The lone-pair···π (lp···π) (deoxy)ribose···nucleobase stacking is a recurring interaction in Z-DNA and RNAs that is characterized by sub-van der Waals lp···π contacts (<3.0 Å). It is a part of the structural signature of CpG Z-step motifs in Z-DNA and r(UNCG) tetraloops that are known to behave poorly in molecular dynamics (MD) simulations. Although the exact origin of the MD simulation issues remains unclear, a significant part of the problem might be due to an imbalanced description of nonbonded interactions, including the characteristic lp···π stacking. To gain insights into the links between lp···π stacking and MD, we present an in-depth comparison between accurate large-basis-set double-hybrid Kohn-Sham density functional theory calculations DSD-BLYP-D3/ma-def2-QZVPP (DHDF-D3) and data obtained with the nonbonded potential of the AMBER force field (AFF) for NpN Z-steps (N = G, A, C, and U). Among other differences, we found that the AFF overestimates the DHDF-D3 lp···π distances by ∼0.1-0.2 Å, while the deviation between the DHDF-D3 and AFF descriptions sharply increases in the short-range region of the interaction. Based on atom-in-molecule polarizabilities and symmetry-adapted perturbation theory analysis, we inferred that the DHDF-D3 versus AFF differences partly originate in identical nucleobase carbon atom Lennard-Jones (LJ) parameters despite the presence/absence of connected electron-withdrawing groups that lead to different effective volumes or vdW radii. Thus, to precisely model the very short CpG lp···π contact distances, we recommend revision of the nucleobase atom LJ parameters.
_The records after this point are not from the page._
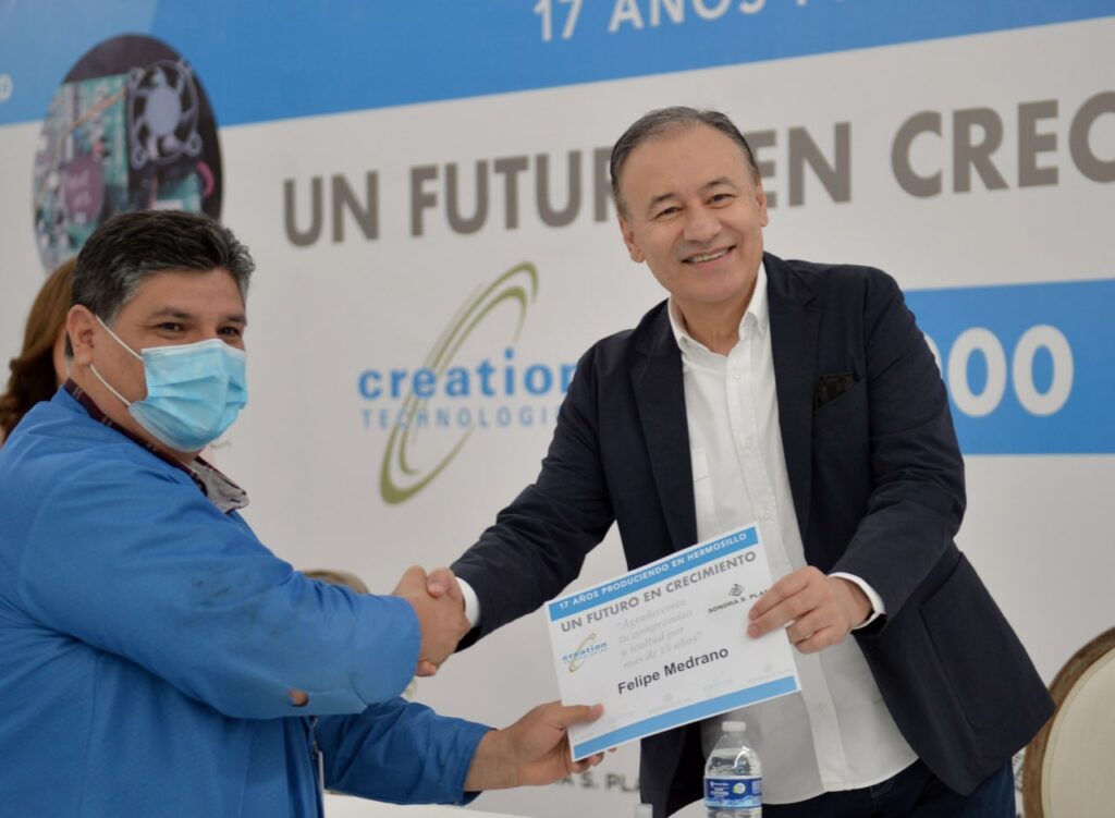 El gobernador Alfonso Durazo, ante directivos de Creation Technologies, así como las y los trabajadores de la empresa, se comprometió a impulsar el crecimiento del estado facilitando el establecimiento de la inversión en Hermosillo y en todo Sonora, acompañando a las empresas e inversionistas con transparencia, pues en su gobierno, dijo, se combatirá de fondo la corrupción.
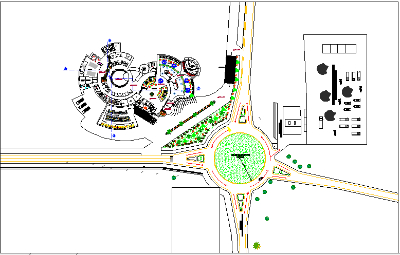 Landscaping with layout plan and auto-cad details of market that includes a detailed view of outdoor roads, green area, tree view, landscaping view, layout plan with main entry and exit gate, shops and showrooms, wall design, fast food stores, theater, fun zone, departmental stores and much more market project.
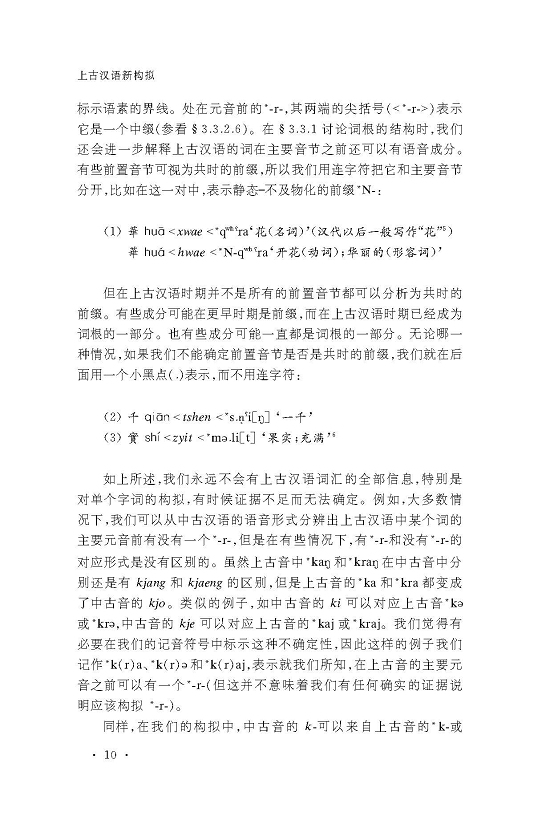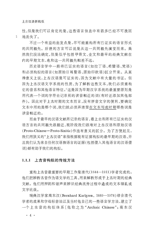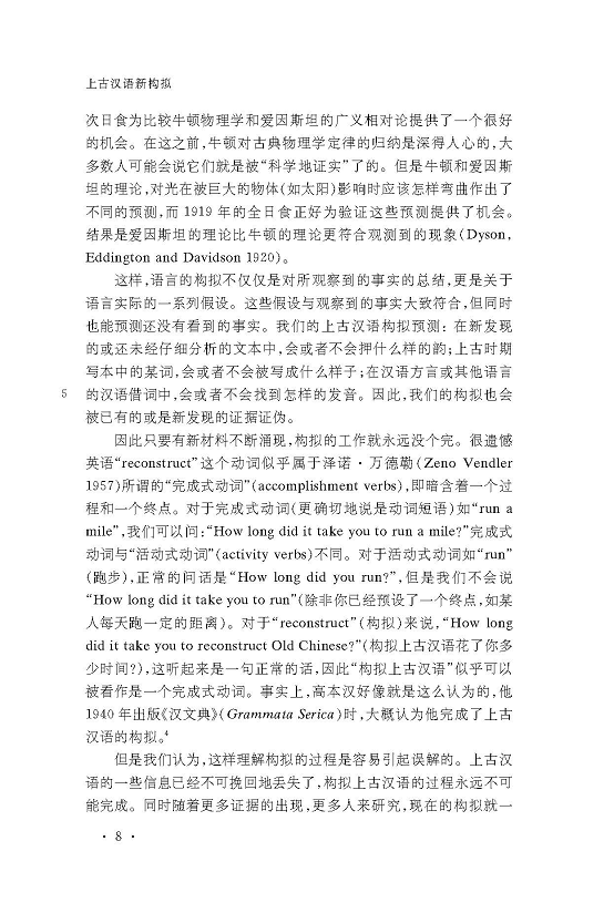 我們的《上古漢語(yǔ)新構(gòu)擬》問(wèn)世至今已經(jīng)四年了,現(xiàn)在我們非常欣喜地看到上海教育出版社、香港浸會(huì)大學(xué)饒宗頤國(guó)學(xué)院聯(lián)合香港中華書局,將在內(nèi)地和香港兩地同時(shí)出版《上古漢語(yǔ)新構(gòu)擬》的中文簡(jiǎn)體、繁體版。如果中國(guó)的語(yǔ)言學(xué)研究者對(duì)本書中的許多新見(jiàn)解感到意外,我們並不會(huì)特別吃驚。我們期待著中國(guó)同行的反應(yīng),希望中國(guó)的同行能從各個(gè)不同的角度對(duì)我們的上古音構(gòu)擬提出具有深度和建設(shè)性的討論意見(jiàn)。正如書中所明言,我們並不認(rèn)爲(wèi)我們的構(gòu)擬系統(tǒng)是對(duì)上古漢語(yǔ)語(yǔ)音、形態(tài)和詞彙諸方面研究的定論,“新構(gòu)擬”從本質(zhì)上說(shuō)是對(duì)迄今尚未得到解釋或者尚未得到充分解釋的語(yǔ)言事實(shí)所作的一系列假設(shè)。
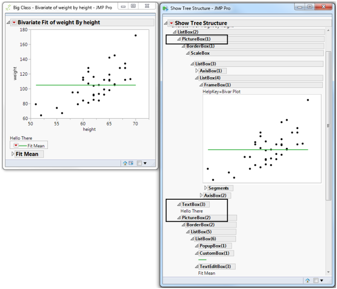 You can use the Sib Append message to add a display box immediately after an existing display box. Figure 11.23 shows two picture box trees. Picture Box( 1 ) holds the Bivariate scatterplot. Picture Box( 2 ) holds the Fit Mean menu, determined by seeing the green line and the Fit Mean text box.
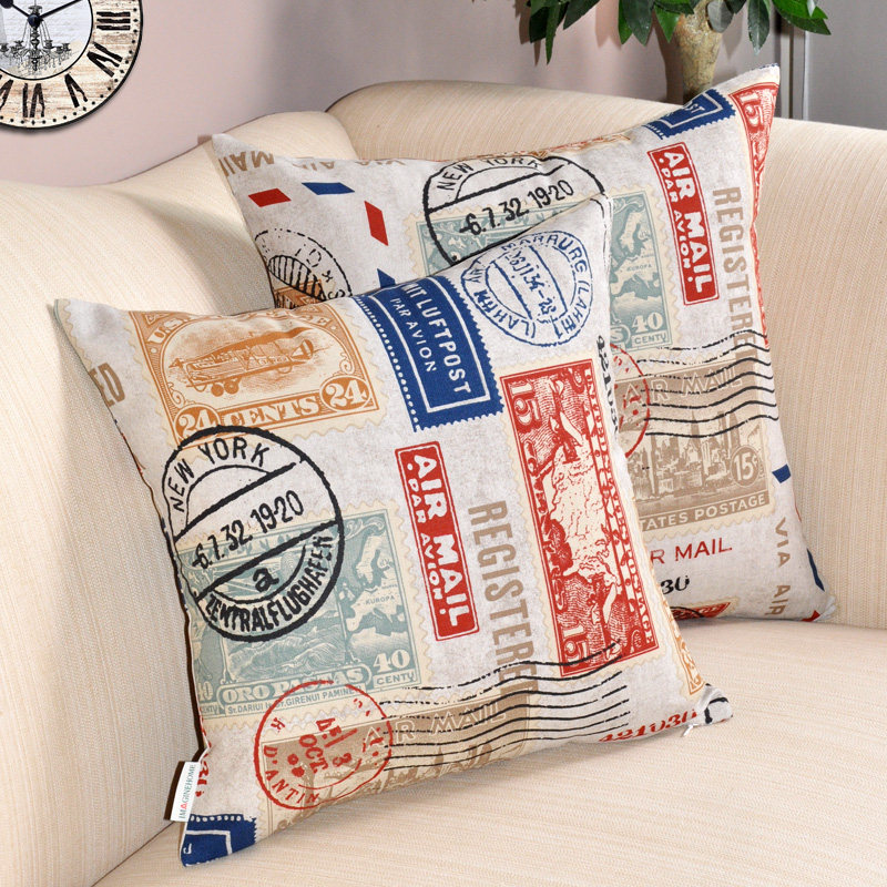 依曼琪美式乡村全棉帆布印花沙发靠垫套FZ-1017

Additionally, we suggest that the large discrepancy between DHDF-D3 and AFF short-range repulsive part of the interaction energy potential may significantly contribute to the poor performances of MD simulations of nucleic acid systems containing Z-steps. Understanding where, and if possible why, the point-charge-type effective potentials reach their limits is vital for developing next-generation FFs and for addressing specific issues in contemporary MD simulations.